이렇게 Prisma를 통해 쿼링된 데이터와 클러스터링 된 데이터를 배열로 묶어주었다.

후 처리 작업이 필요하다면,


const limit =
    // eslint-disable-next-line no-nested-ternary
    data.length < 100
      ? data.length
      : data.length > (geohashes?.length ?? 0)
      ? geohashes?.length ?? 0
      : data.length
      
const kmeansData = kmeans(
	data.map((item) => [Number(item.lat), Number(item.lng)]),
	limit,
	{}
)

const clusterData = kmeansData.cluster.map((clusterId, index) => ({
	// data는 prisma 에서 쿼링한 location table의 row이다
	...data[index],
	clusterId
})

const locationPins = clusterData.reduce(
    (acc, cluster) => {
      const { clusterId } = cluster
      if (!acc[clusterId]) {
        acc[clusterId] = {
          title: '',
          sumLat: 0,
          sumLng: 0,
          locations: [],
        }
      }

      acc[clusterId].sumLat += Number(cluster.lat)
      acc[clusterId].sumLng += Number(cluster.lng)
      acc[clusterId].locations.push({
	      title: cluster.title,
        lat: cluster.lat ? Number(cluster.lat) : 0,
        lng: cluster.lng ? Number(cluster.lng) : 0,
      })

      return acc
    },
    {} as {
      [key: string]: {
        thumbnailImageUrl: string
        sumLat: number
        sumLng: number
        locations: {
	        title: string
          lat: number
          lng: number
        }[]
      }
    }
  )

이제 해당 locationPins를 DTO 데이터로 만들어서 serialized 된 데이터를 response로 반환하면 된다!

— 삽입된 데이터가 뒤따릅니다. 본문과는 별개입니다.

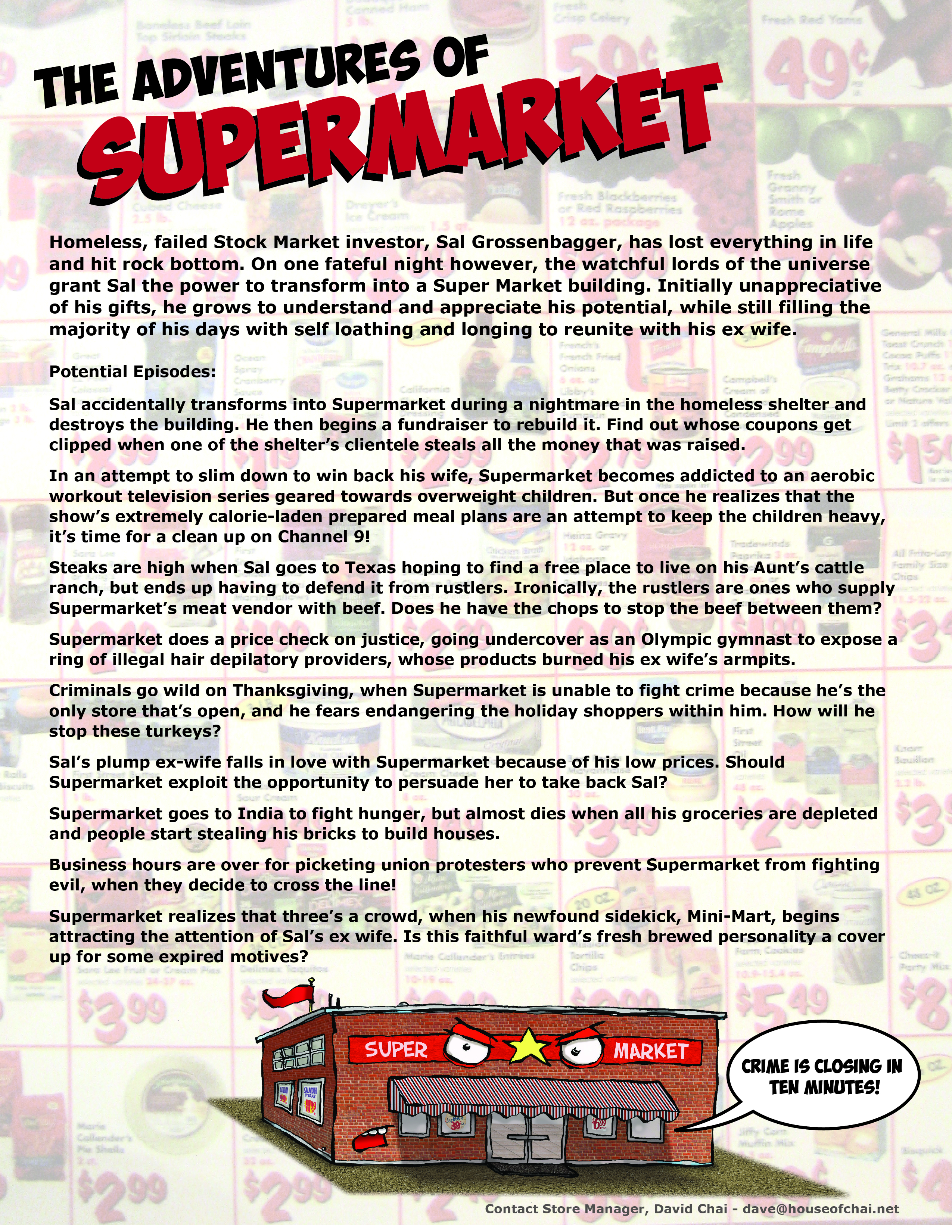 Synopsis: Homeless, failed Stock Market investor, Sal Grossenbagger, has lost everything in life and hit rock bottom. On one fateful night however, the watchful lords of the universe grant Sal the power to transform into a Super Market building. Initially unappreciative of his gifts, he grows to understand and appreciate his potential, while still filling the majority of his days with self-loathing and long to reunite with his ex-wife.

return Object.keys(locationPins).map(
      (key) =>
        new LocationPinDTO({
          lat: locationPins[key].sumLat / locationPins[key].locations.length,
          lng: locationPins[key].sumLng / locationPins[key].locations.length,
          count: locationPins[key].locations.length,
          locations: locationPins[key].locations
        })
    )

이렇게 받아와진 response를 클라이언트에서는 잘 파싱하여 지도 SDK 위에 보여주면 된다. 만약 클러스터의 count가 1이라면, 일반 핀으로 렌더링 하면 된다. 1보다 크다면 클러스터링 된 모양으로 지도 위에 렌더링 하면 된다.